Home prices hit a new record high. The article suggests choosing specific lenders and loan types. It recommends improving your credit. These are the three strategies that will save you money.
Let's start with the first one. Choose specific lenders. Not the bad ones. The good ones. The ones that charge you less. Revolutionary stuff. Someone wrote this down and got paid.
The second strategy involves loan types. Pick the right loan type. Not the wrong loan type. The expensive one costs more. The cheap one costs less. This required a headline.
The third strategy is my favorite. Improve your credit. Just make your credit score higher. Have you tried having a better credit score? It's like telling someone to save money by earning more money. Flawless.

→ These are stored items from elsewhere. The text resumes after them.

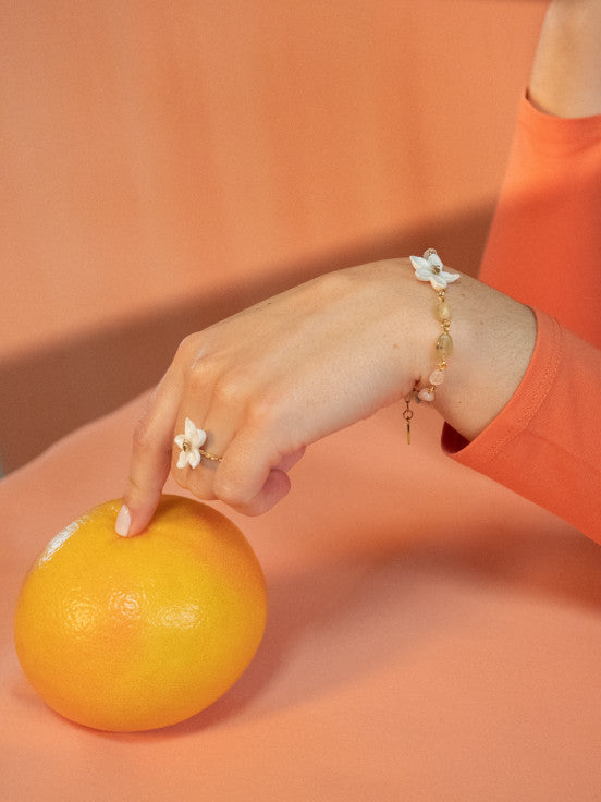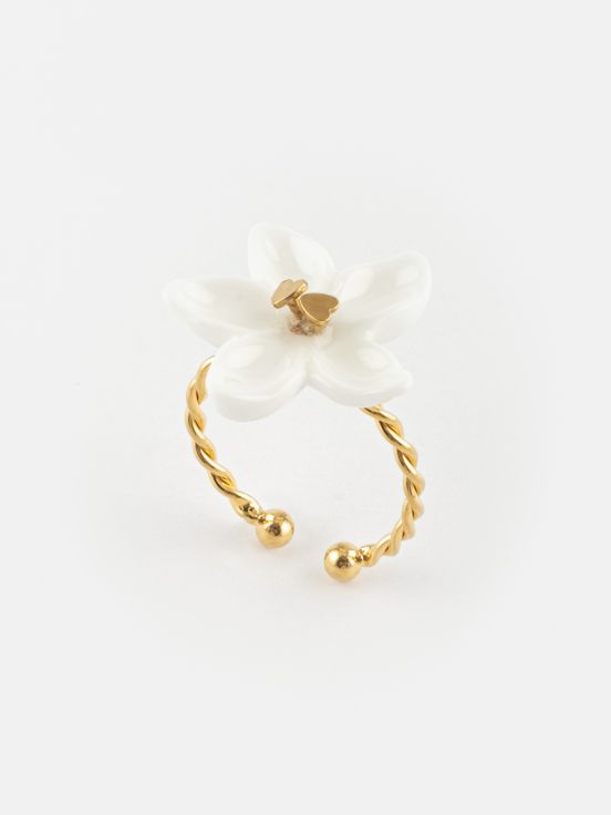 Bague ajustable en porcelaine et laiton doré à l’or fin 18 carats. Métal certifié sans nickel et sans risque d’allergie.
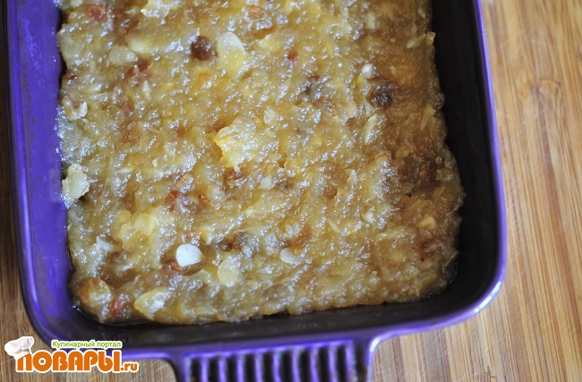 Заранее подготовьте изюм, промойте его, и немного подержите в теплой воде, чтобы он немного разбух. Изюм лучше взять очень сладкий и без косточек.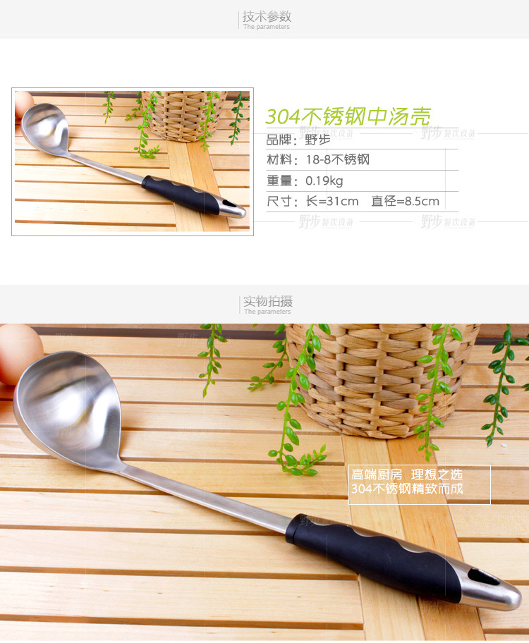 野步 18/8 304正品不锈钢汤壳 汤勺汤匙汤瓢粥勺 厨房工具 中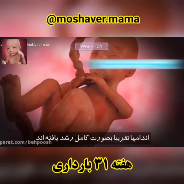 ◀️در هفته های ۳۱ و ۳۲ مغز و ریه جنین کاملا تکامل پیدا میکنه و بتدریج جنین آماده تولد میشه 👼. 📌البته ریه ها هنوز به تکامل بیشتری نیاز دارند که طی هفته های آینده صورت میگیره . ⬅️ تغذیه شما در این دوران بشدت برای افزایش وزن جنین تاثیر گذار است👼سعی کنید رژیم غذایی مقوی داشته باشید تا جنین بهترین وزن گیری و داشته باشد . 🔷️کیا آلان ماه هشتم بارداری هستن و وزن جنینن تون در سونوگرافی چقدر هستش ؟؟؟؟ آیا تو وزن نرمال هستش ؟؟👇 . . . مشاوره زنان/بارداری/زناشویی تعیین جنسیت جنین 👼 ویزیت /حضوری/تلفنی/آنلاین 📌 . @moshaver.mama . . . #جنین_دختر #جنین_پسر #جنین_کودک_مادر #جنین_هفته_به_هفته #دوران_جنینی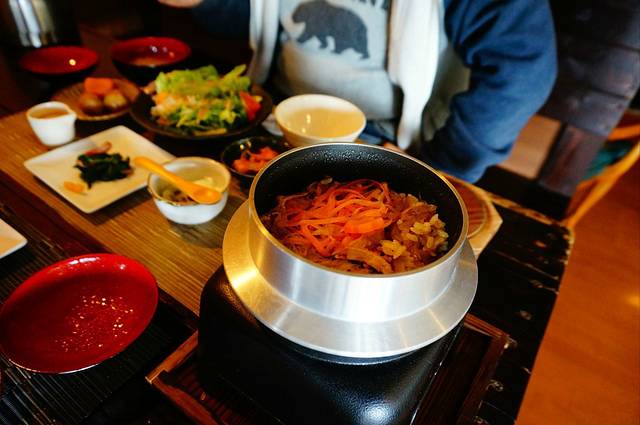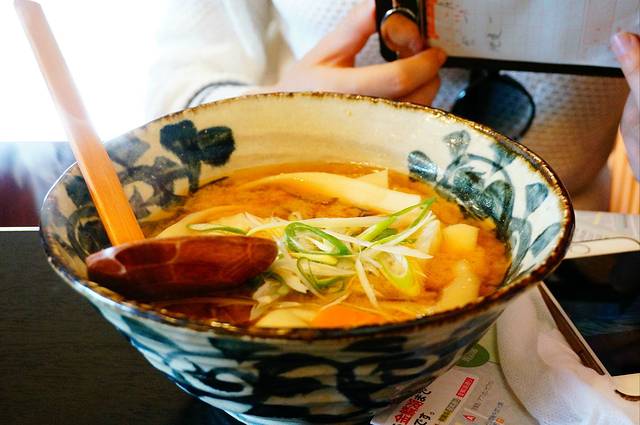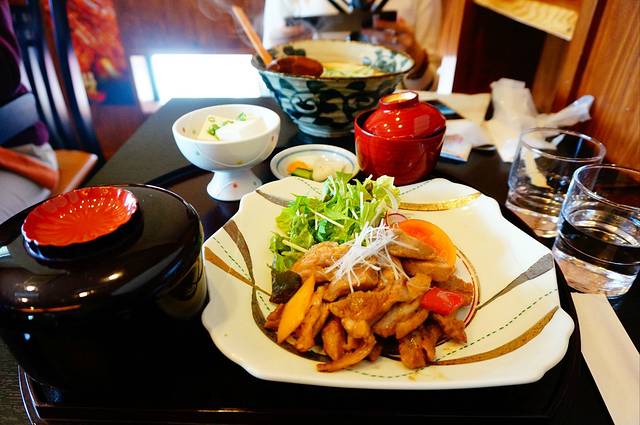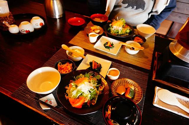 到了由布院天黑成这样了,这个山里的小村黑灯瞎火的,夜里应该有很多星星吧,想起还没吃饭!入住的酒店老板好心开车带我们到他认为一个好吃的店,其实就在由布院站门口。和老板商量好一个小时后来接我们,然后进去一看爆满!饭馆客气的说因为要打烊了只能做打包,周围也没其他还开门的商店我俩只好拿着盒饭在路边吃了一顿。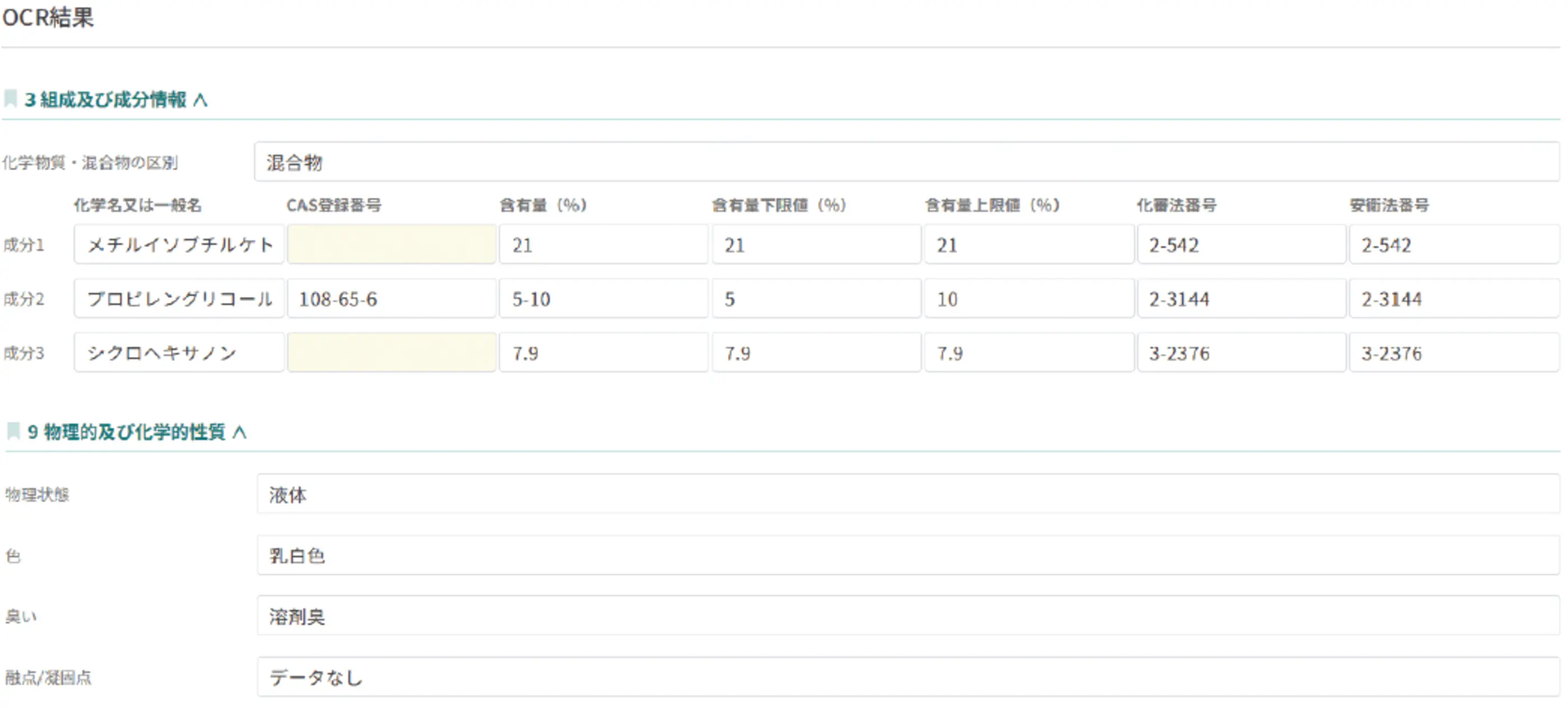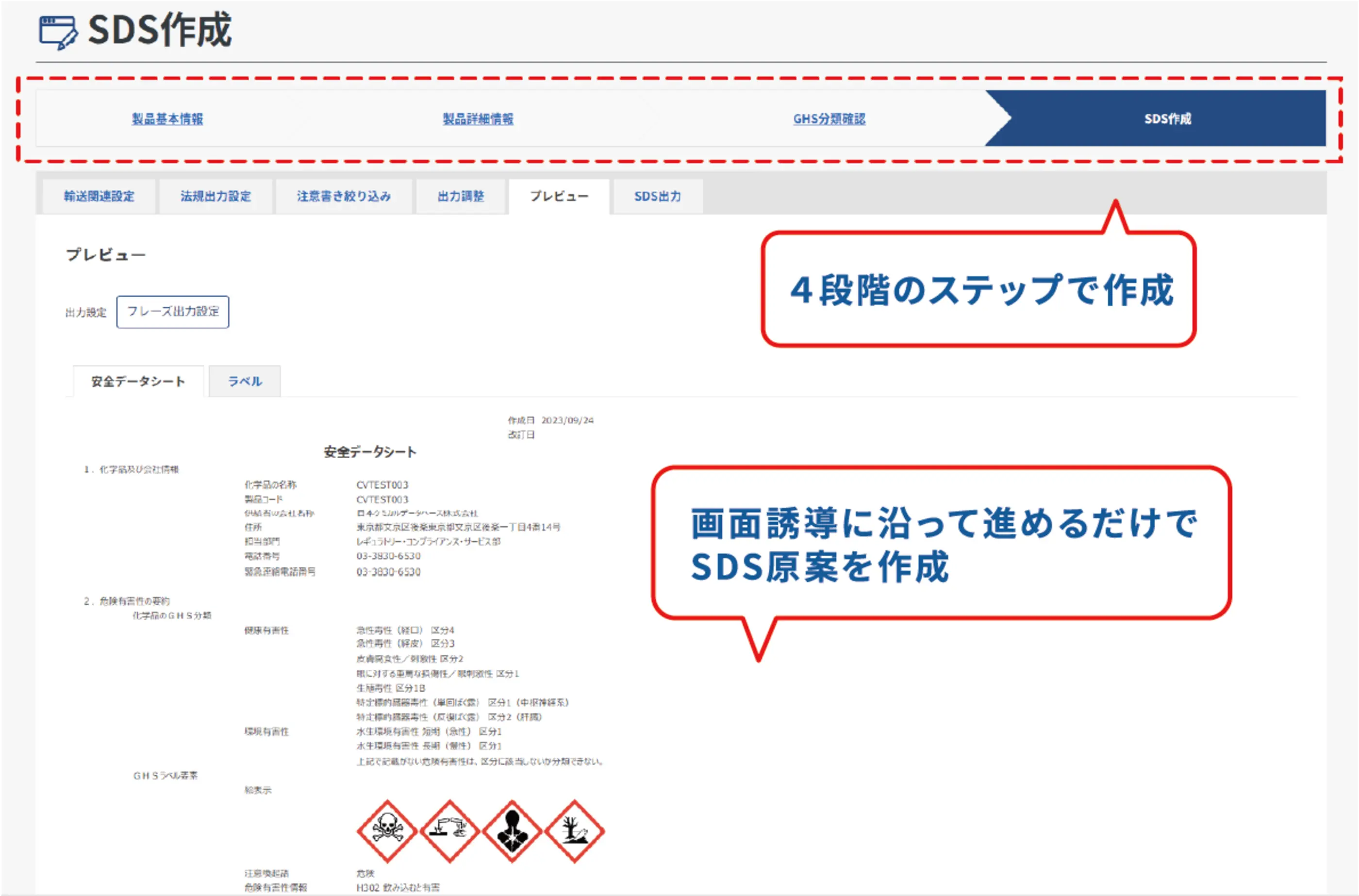 - 法規制の自動判定機能や原料管理機能、GHS分類判定、SDSの各章に適した候補フレーズの自動出力機能を搭載し、SDSの作成を支援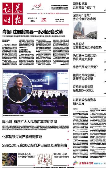 国债收益率 近期能否“破5”? >>>A7 深圳闹“地荒” 房企抢食旧改市场 >>>A9 风格轮动 蓝筹基金发起冬季攻势 >>>A17 伪互联网金融起底: 传统渠道大搬家 >>>A6 比特币是神还是鬼? >>>A3 丝绸之路概念飘红 政策落实成关键 >>>A14 联想开卖葡萄酒 每瓶180~600元 >>>A10 本版导读: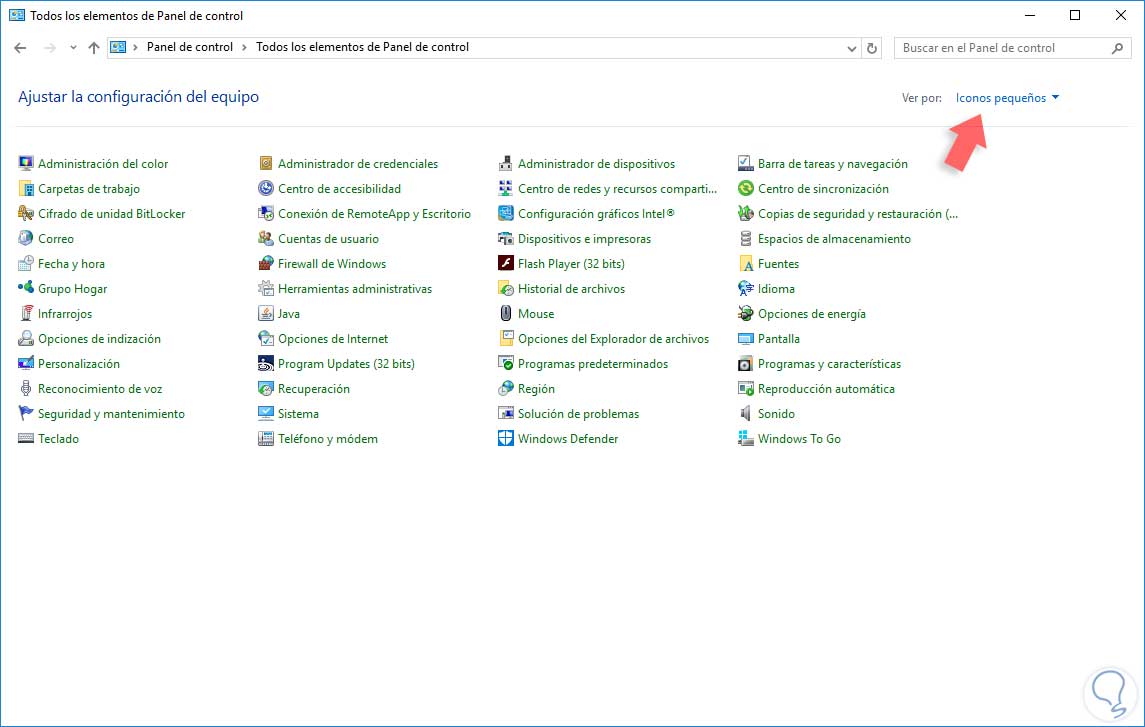 Si por el contrario hemos descargado archivos .cur o .ani el proceso de instalación se ha de realizar de forma manual usando el siguiente proceso: Accedemos al panel de control y seleccionamos la opción Iconos pequeños en la línea Ver por: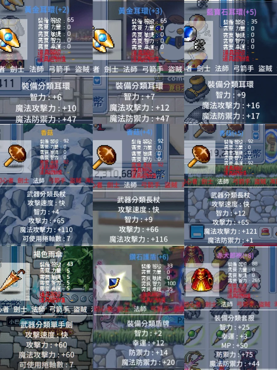 精選 平衡提升 | 🧙課長套餐 帽子:按等級頂屬成品 武器:黑色雨傘+14幸木盾 【手套/披風/套服/耳環/鞋】 五件套 共+58AP | 報價 |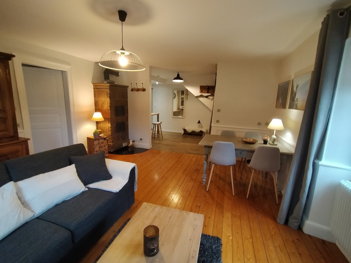 Tahimik na lugar, walang trapiko, na matatagpuan sa dulo ng dead end lane, malapit sa berdeng avenue, malaking palaruan (bocce court, basketball, slide, swing, bike trail) at mapayapang lawa. Sa ibaba ng 1 silid - tulugan na may 1 double bed, 1 silid - tulugan sa itaas na may 2 double bed at 1 desk/sala av 1 clic clac. Malapit sa mga tindahan (mga supermarket, panaderya, botika, restawran). Gérardmer sa 25min - mga ski resort sa 20min - Le Hohneck sa 25min - amusement park sa 30min - Colmar sa 45min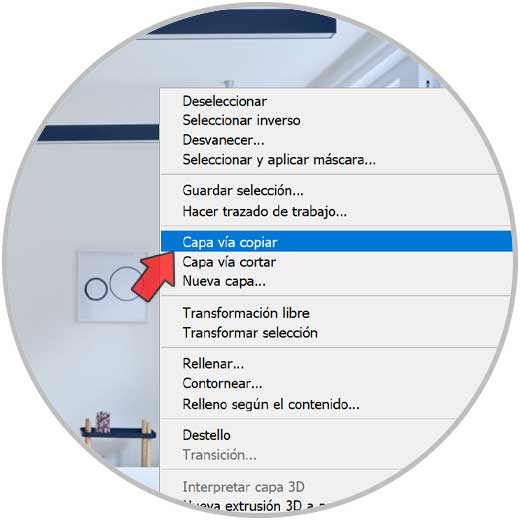 Hacemos ahora clic derecho sobre la selección hecha y elegimos la opción que dice “Capa vía copiar”. De esta forma se creará una capa con nuestra selección de imagen.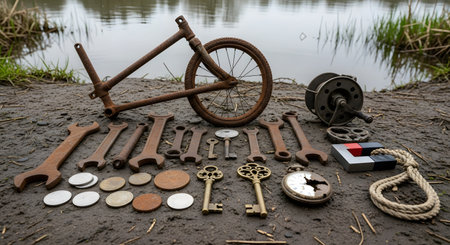 A fascinating collection of old and rusty items recovered from the water are neatly displayed on a muddy riverbank. The treasures, found through the hobby of magnet fishing, include a bicycle frame, antique keys, old coins, and various tools.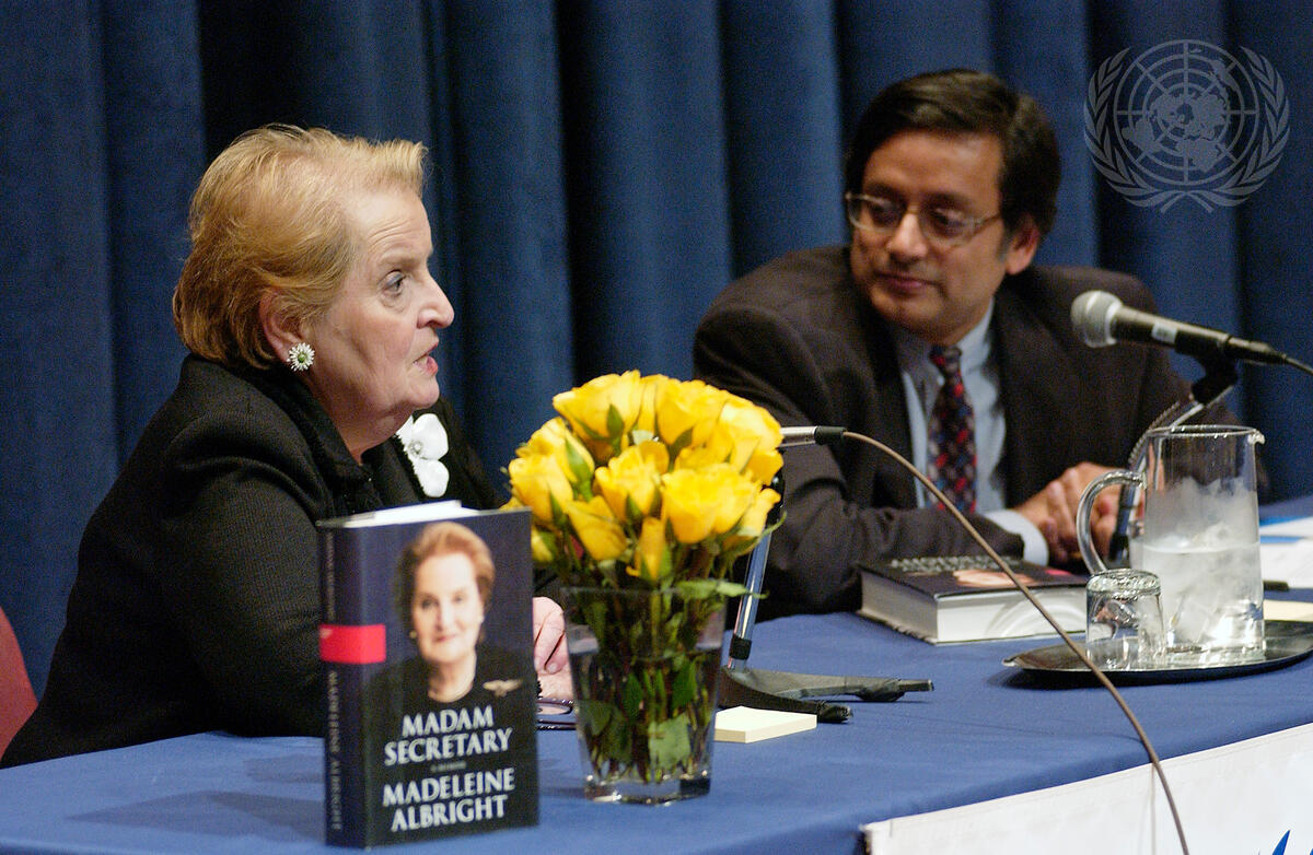 Madeleine Albright (left), former Secretary of State of the United States, discusses her memoir ""Madam Secretary"" at today's book signing at UN Headquarters. At right is Shashi Tharoor, Under-Secretary-General for Communications and Public Information.

Here's what actually happened. Home prices went up. They've been going up. They will continue going up. You still can't afford one. These three strategies will not change that fact. But they will make you feel like you're doing something.
Choosing a specific lender means shopping around. Shopping around means filling out applications. Applications mean credit checks. Credit checks mean your score drops. Your score drops and now strategy three is f*cked. You played yourself.
The loan type matters until it doesn't. Fixed rate or adjustable rate. Thirty years or fifteen years. Conventional or FHA. Pick wrong and you lose. Pick right and you still lose but slower. The house costs seven hundred thousand dollars and you make sixty thousand a year. No loan type fixes that math.
Improving your credit takes time. Months. Maybe years. Home prices will hit another record high by then. And another. And another. You'll have an 800 credit score and still need your parents to co-sign.